И умолк, ибо, хоть тысячу раз твердил сам с собой эти строки, вдруг не мог вспомнить дальше ни звука. Казалось, он вот-вот рухнет замертво, как рухнул давеча его соперник.
Она обернулась, вгляделась в него, очень строго, но на лице ее был написан тот покой, та ясность, какие звуки поэтические всегда производят в душе, истинно преданной поэзии. И голосом ясным и нежным, как голос поющей птицы, она произнесла:
…Пусть твой дух стесненный
Боязнь и стыд освободят от пут,
Так, чтобы ты не говорил как сонный.
На мгновение она отвела взгляд, глубоко вздохнула и заключила:
Знай, что порушенный змеей сосуд
Был и не стал; но от судьи вселенной
Вино и хлеб злодея не спасут.
И с этими словами она устремилась прочь, и, хоть прошла она так близко, что он мог бы ее удержать, стоило протянуть руку, он не шелохнулся, не двинулся, будто овречен был навеки остаться там, где она его покинула.
Август с нею столкнулся в дверях.
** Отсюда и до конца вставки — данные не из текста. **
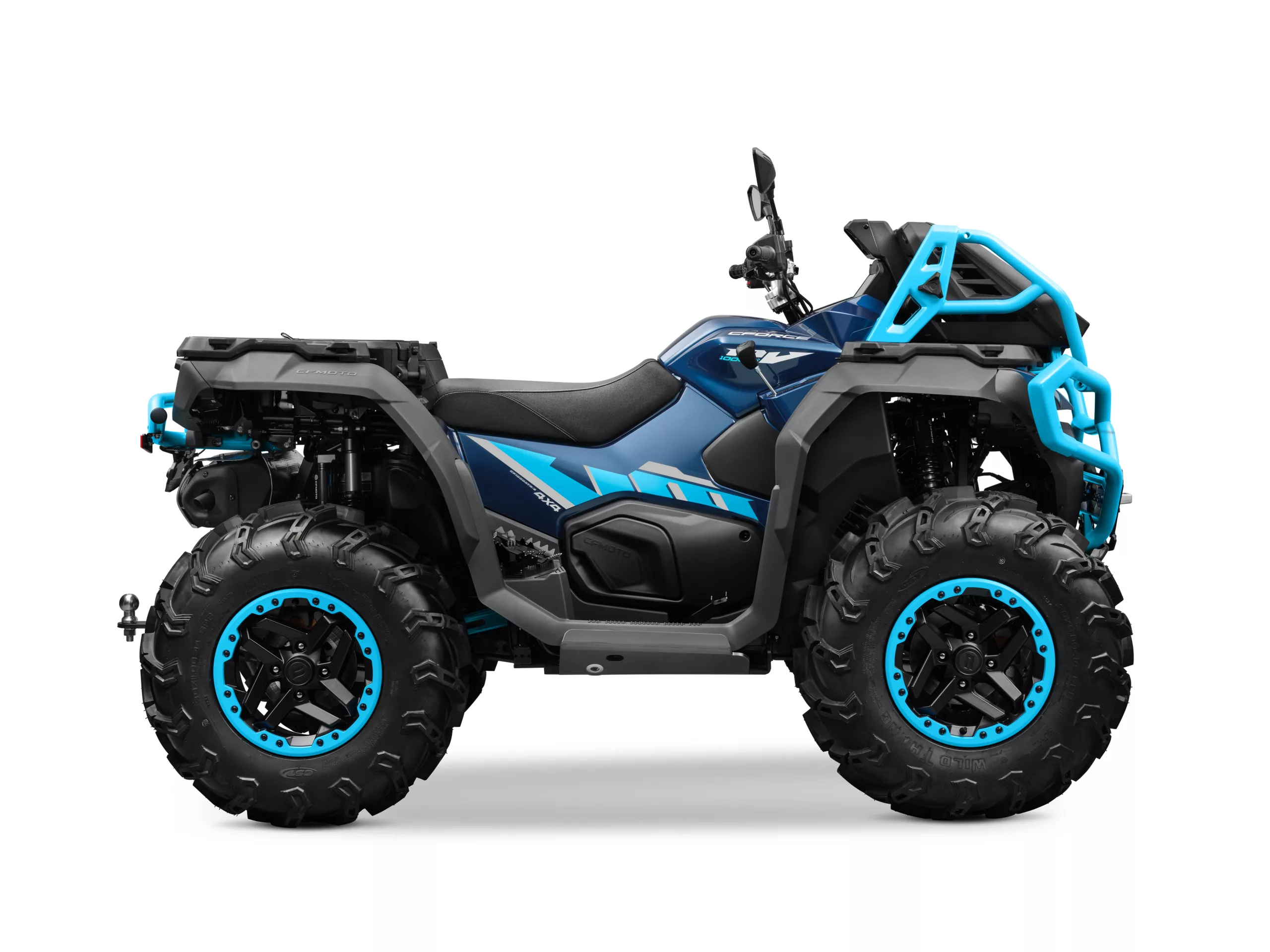 De CFORCE 1000 MUD wordt aangedreven door een 963 cc vloeistofgekoelde SOHC-viercilindermotor met 86pk en 84.05 Nm koppel. Dankzij de EFI-brandstofinjectie reageert de quad direct en soepel op elke gasbeweging. De CVT-transmissie met H/L/N/R/P-standen zorgt voor constante kracht, zowel bij langzaam precisiewerk als bij hogere snelheden tot 90 km/u. Daarnaast biedt de schakelbare 2WD/4WD met differentieelslot maximale tractie op modder, hellingen en zwaar terrein.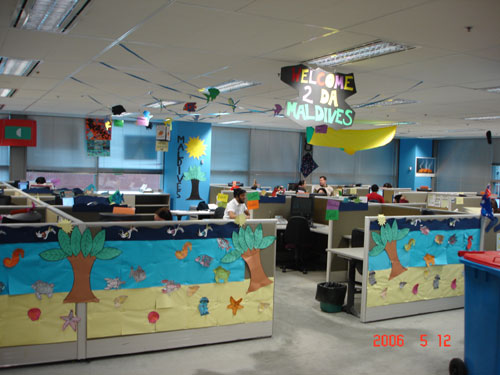 由于這種獨(dú)特的管理方式吸引了眾多的同行前來(lái)參觀(guān),該中心特別安排了熱情的Sally負(fù)責(zé)導(dǎo)游。Sally帶我們參觀(guān)說(shuō)的第一句話(huà)就是:“我真是喜愛(ài)我們的呼叫中心,這里的年輕人富有創(chuàng)意,充滿(mǎn)激情,他們非常喜歡在這里工作。”于是我們參觀(guān)了“蜘蛛俠”,“蒙娜麗莎”,“大英帝國(guó)”,“典雅餐廳”,“熱帶公園”,“幾何世界”,“海底世界”,“白色圣誕節(jié)”等不同的Pod,實(shí)在是好像到了聯(lián)合國(guó)。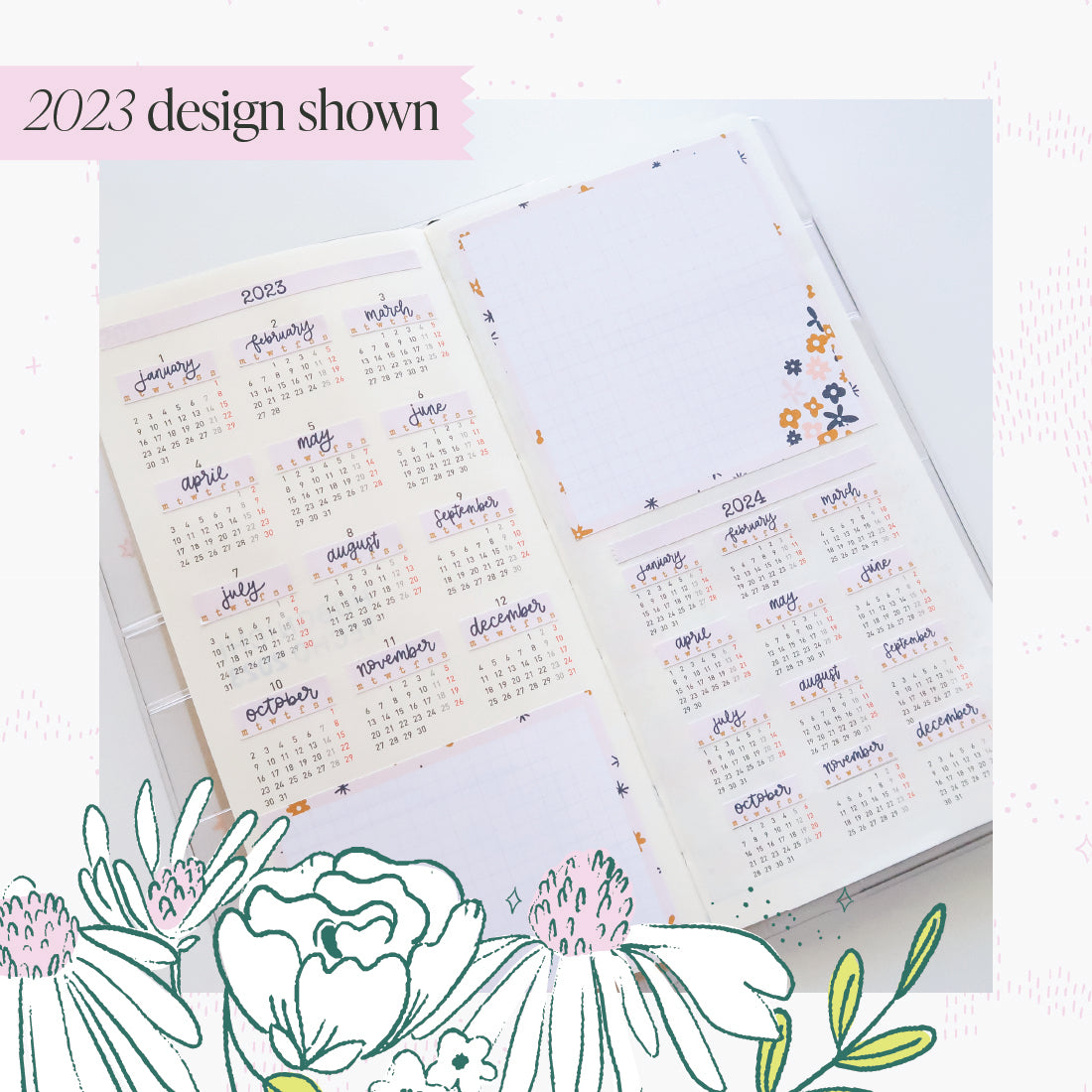 2024 H. Weeks Yearly Calendar Sticker Kit Imagine Bouquet

Хоть он был потрясен событиями утра и вдобавок видом старика, торжественно и мирно теперь покоившегося на широкой гостиничной постели, совесть нашептывала ему, что надо вы передать в Пизу поручение старой дамы и воспользоваться помощью Агнессы. Но, кое-что поняв в роковых событиях, в которых играла она не последнюю роль, он не решался докучать ей такой прозой, как адрес и прочее. Однако она его приветствовала радостно, словно старого приятеля. Подала ему руку, одарила ласковой улыбкой. Она переменилась, будто вдруг ожила статуя.
Внимательно выслушав Августа, она загорелась желанием поскорей донести до подруги бабушкино порученье, предложила к его услугам свой фаэтон, ибо он куда проворнее тяжелой кареты, и сама вызвалась править.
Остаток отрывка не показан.